Aksi Mahasiswa di Mabes Polri dan Ancaman Demo Besar
Setelah menggelar aksi di Mabes Polri, Jakarta Selatan (Jaksel) pada hari Jumat (28/2), elemen mahasiswa memberi peringatan bahwa mereka akan kembali melakukan demo dengan jumlah peserta yang lebih besar. Polda Metro Jaya telah menyatakan siap memberikan ruang dan mengawal aksi tersebut.
Kabid Humas Polda Metro Jaya, Kombes Budi Hermanto, menjelaskan bahwa pihaknya memahami bahwa aksi massa oleh mahasiswa dilindungi oleh undang-undang (UU). Oleh karena itu, Polda Metro Jaya akan terus menyiapkan personel untuk mengawal dan mengamankan setiap jalannya aksi.
”Kami siap untuk melakukan pelayanan pengamanan terhadap seluruh masyarakat ataupun komponen yang menyampaikan aspirasi di muka publik. Itu karena dilindungi oleh undang-undang,” ujar Budi kepada awak media.

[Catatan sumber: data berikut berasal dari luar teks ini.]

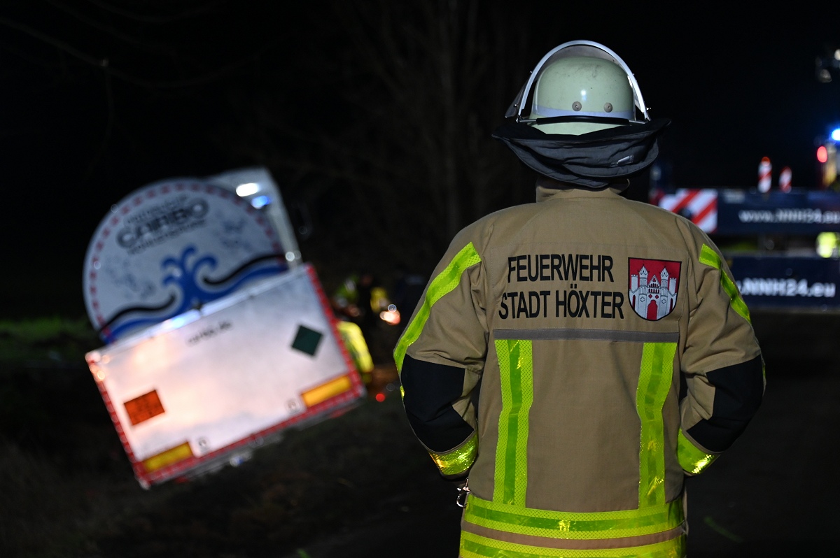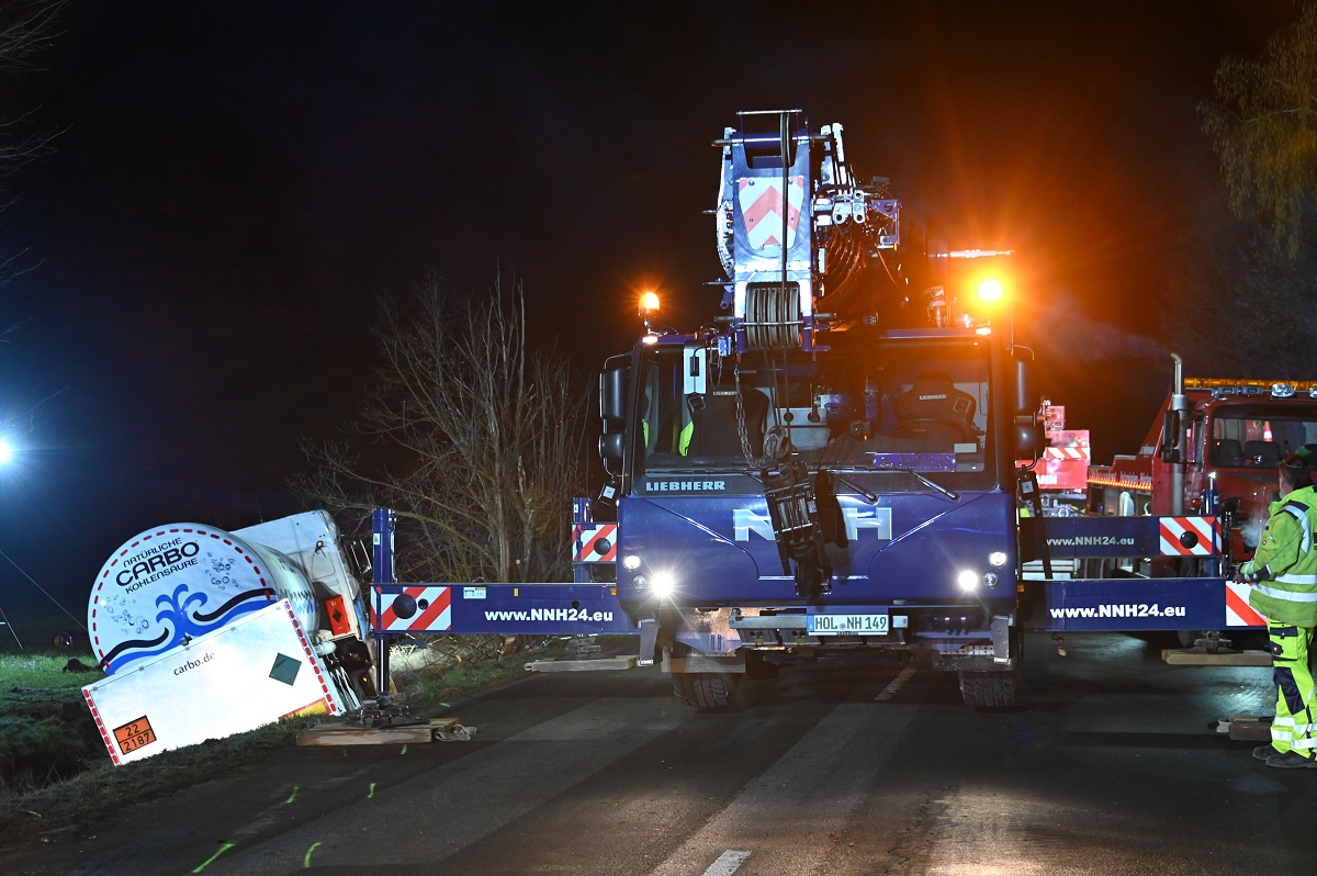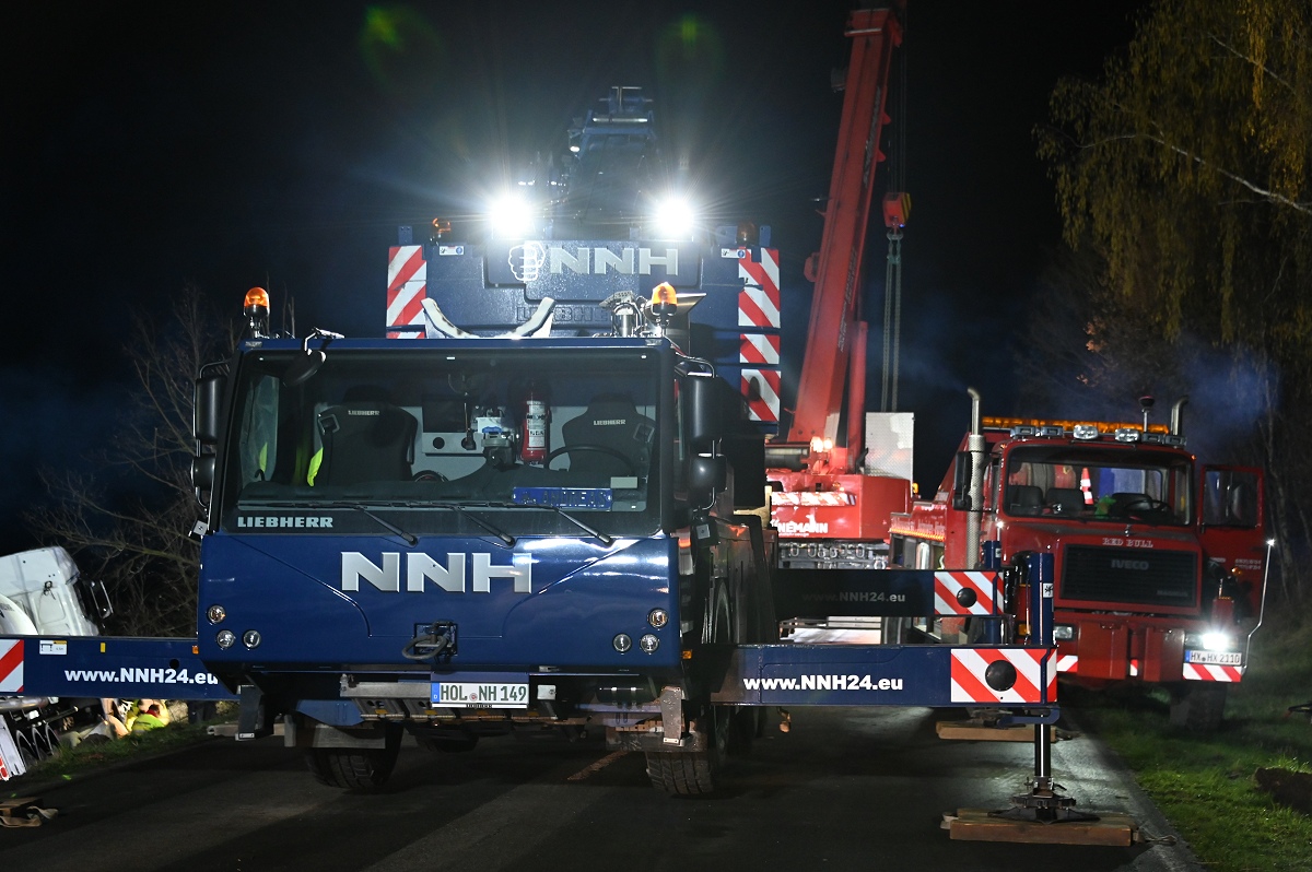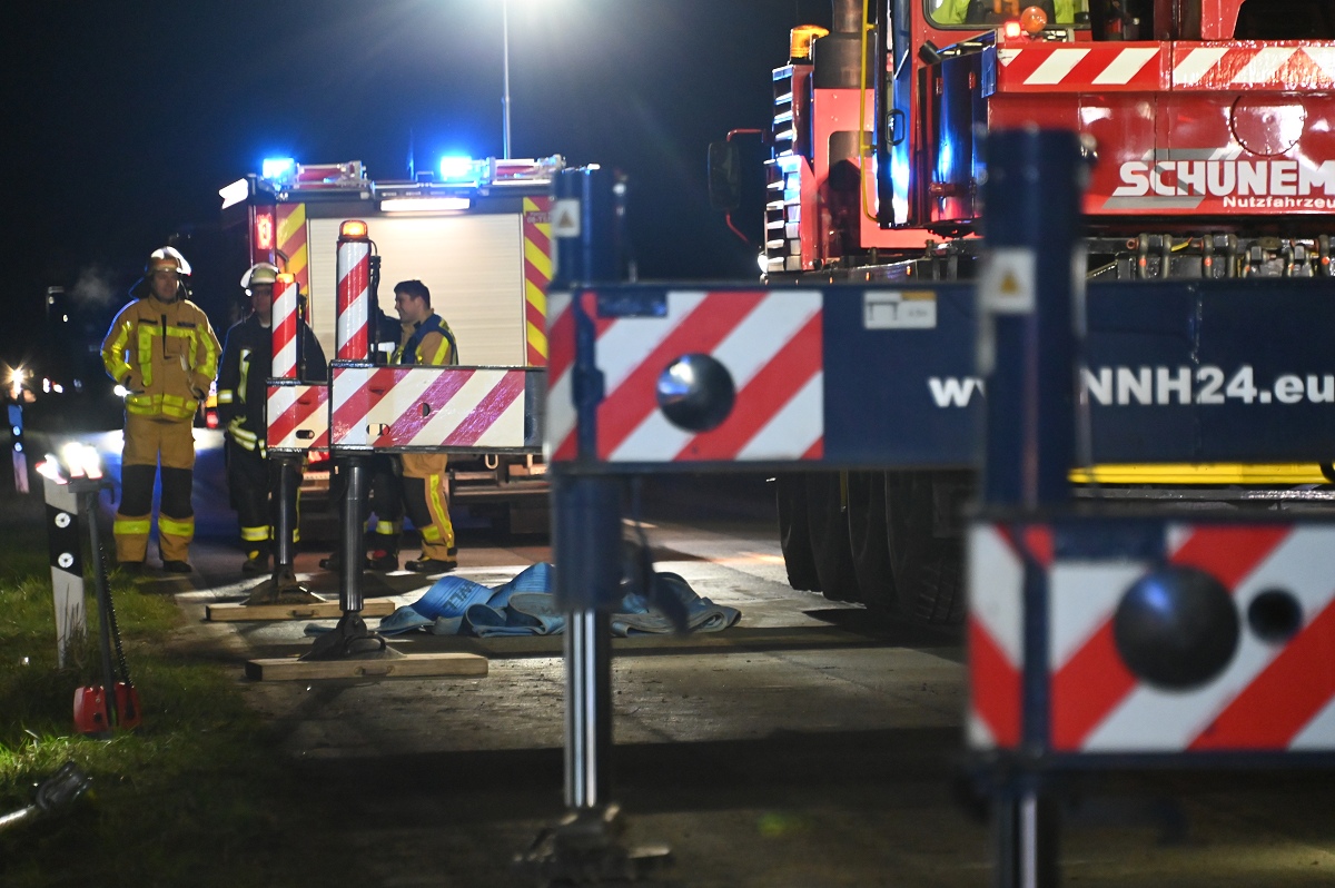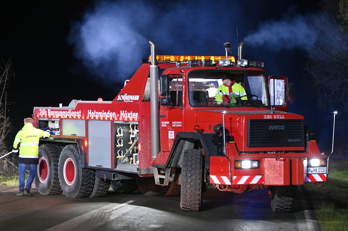 Zum Einsatz kamen unter anderem ein 50-Tonnen-Kran, ein 60-Tonnen-Kran sowie weitere Bergemaschinen aus den Kreisen Höxter und Holzminden. Aufgrund der schwierigen Lage des Lastwagens im Graben zogen sich die Arbeiten über mehrere Stunden hin. Erst gegen 2.30 Uhr gelang es, den Tanklastzug wieder auf die Fahrbahn zu heben und für den Abtransport vorzubereiten.
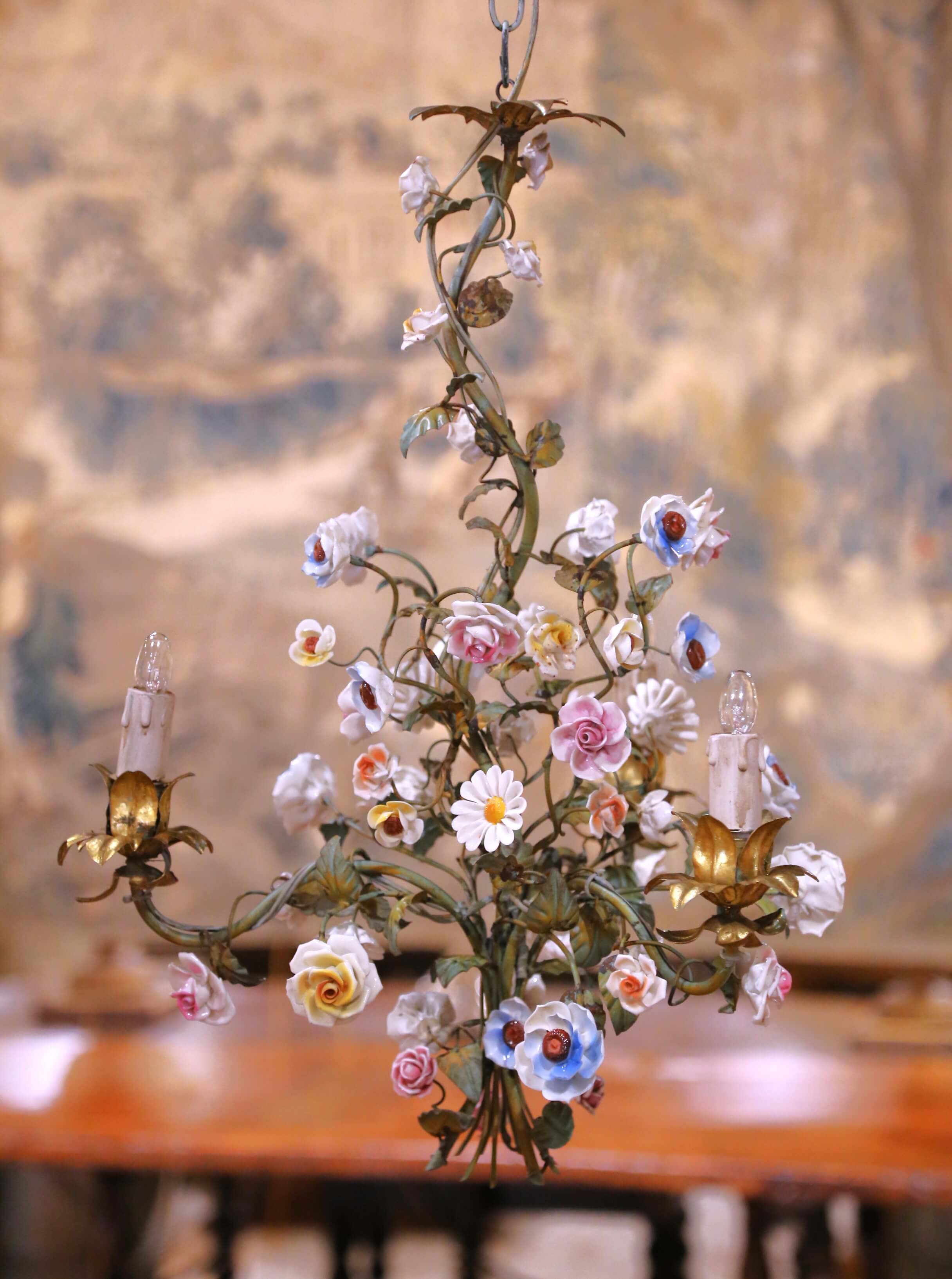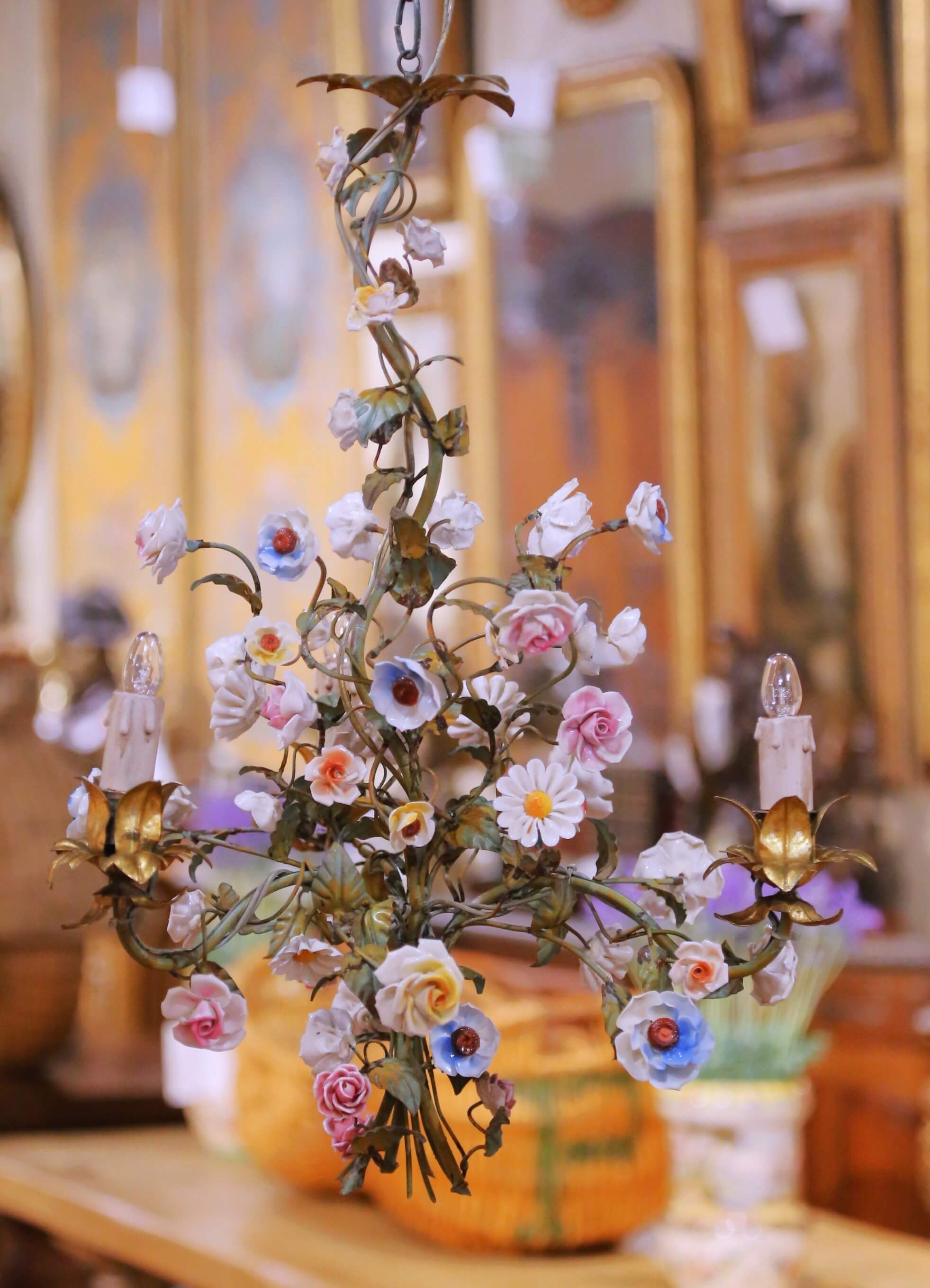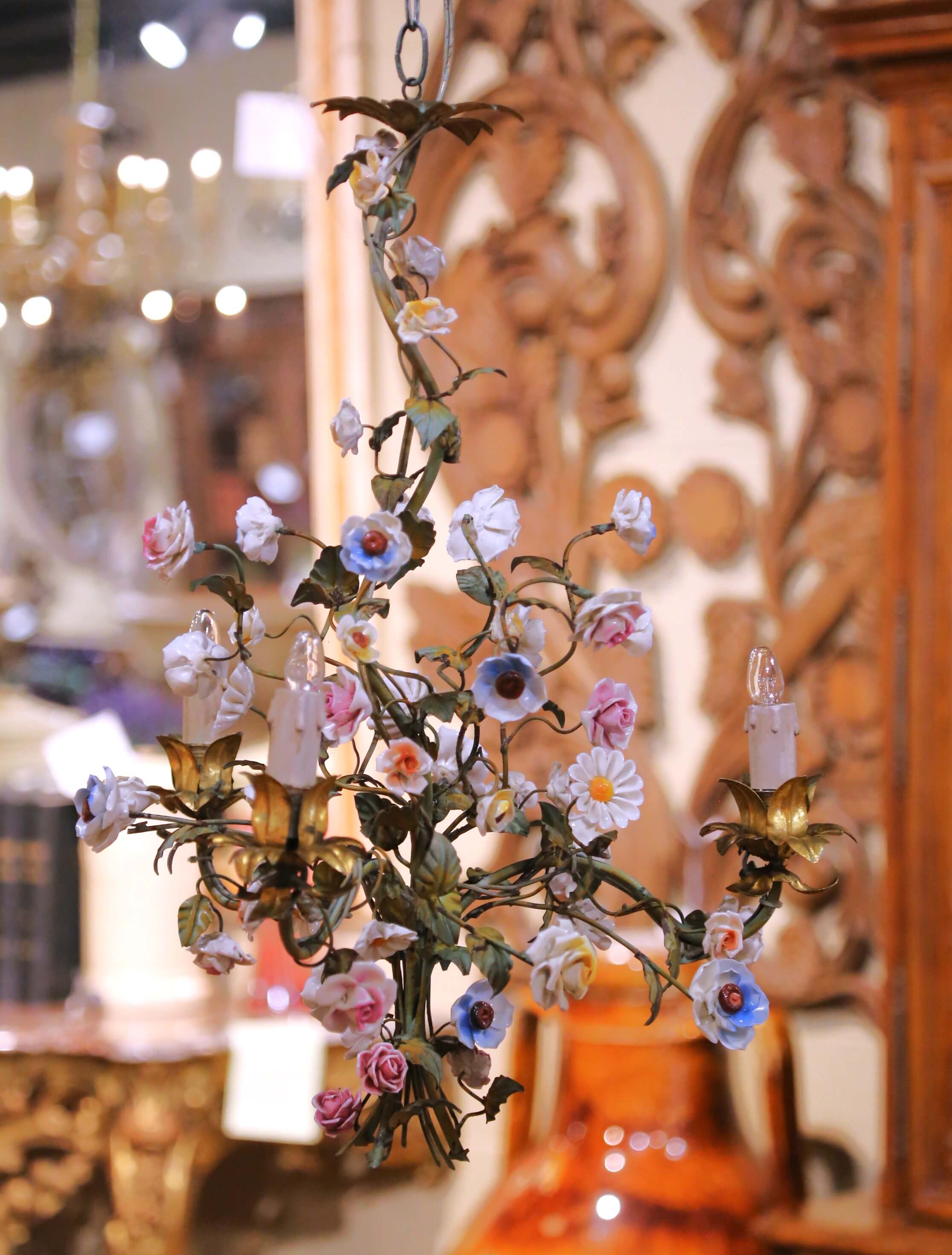 Place this elegant antique chandelier in a powder room, bedroom, or entry to bring a touch of whimsical French charm. Crafted in France circa 1920, the fixture is built around a hand-forged iron frame, intricately formed as twisting vines and scrolling branches. The structure is richly adorned with hand-applied porcelain flowers, including roses, daisies, and blossoms in soft pastel hues, creating a lively and romantic garden motif. The floral elements are complemented by painted metal leaves with a naturally aged patinated finish, enhancing the organic composition.

Budi mengapresiasi karena aksi demo kemarin tidak sampai merusak fasilitas umum dan tidak terjadi benturan. Dia juga menyatakan bahwa polisi akan terus menjalankan tugas dengan mengedepankan pendekatan humanis, pelayanan, dan pengamanan maksimal.
”Kita menyaksikan secara bersama bahwa pelaksanaan dengan pelayanan, pengamanan, dilaksanakan mengedepankan perlindungan, mengedepankan sisi yang humanis serta memperhatikan hak asasi manusia,” kata dia.
Pendekatan ini dilakukan meski dalam aksi demo kemarin ada mahasiswa yang memaki-maki personel Polri. Bahkan, Budi menyebutkan bahwa ada demonstran yang menuliskan kata-kata tidak pantas pada syal salah seorang polisi wanita (polwan) di lokasi demo.
”Kami mengajak bahwa kegiatan penyampaian aspirasi, apalagi di bulan suci Ramadhan, ada norma dan etika yang harus kita jaga. Bagaimana kita menghormati bagi masyarakat yang melaksanakan ibadah puasa, walaupun ada hasrat yang ingin disampaikan dalam penyampaian aspirasi,” ujarnya.
Dalam aksi demo yang dilaksanakan oleh sejumlah elemen mahasiswa tersebut, disampaikan beberapa aspirasi. Pertama, mendesak hukuman pidana seberat-beratnya kepada personel Polri yang melanggar hukum, khususnya dalam insiden yang menewaskan pelajar MTs Arianto Tawakal.
Kedua, mendesak pencopotan Jenderal Polisi Listyo Sigit Prabowo dari jabatan kapolri dan Irjen Dadang Hartanto dari jabatan kapolda Maluku. Ketiga, menuntut pembebasan seluruh tahanan politik. Keempat, menuntut penegasan batasan kewenangan dalam penarikan Polri dalam jabatan sipil.
”Kami massa aksi tidak dapat menemui kapolri. Kami dikecewakan sekali lagi. Aspirasi-aspirasi yang kami suarakan tidak lagi didengar oleh mereka. Maka kami akan kembali pada esok hari dalam kekuatan-kekuatan yang lebih besar, dalam aksi-aksi yang lebih besar dan lebih masif,” kata perwakilan massa aksi.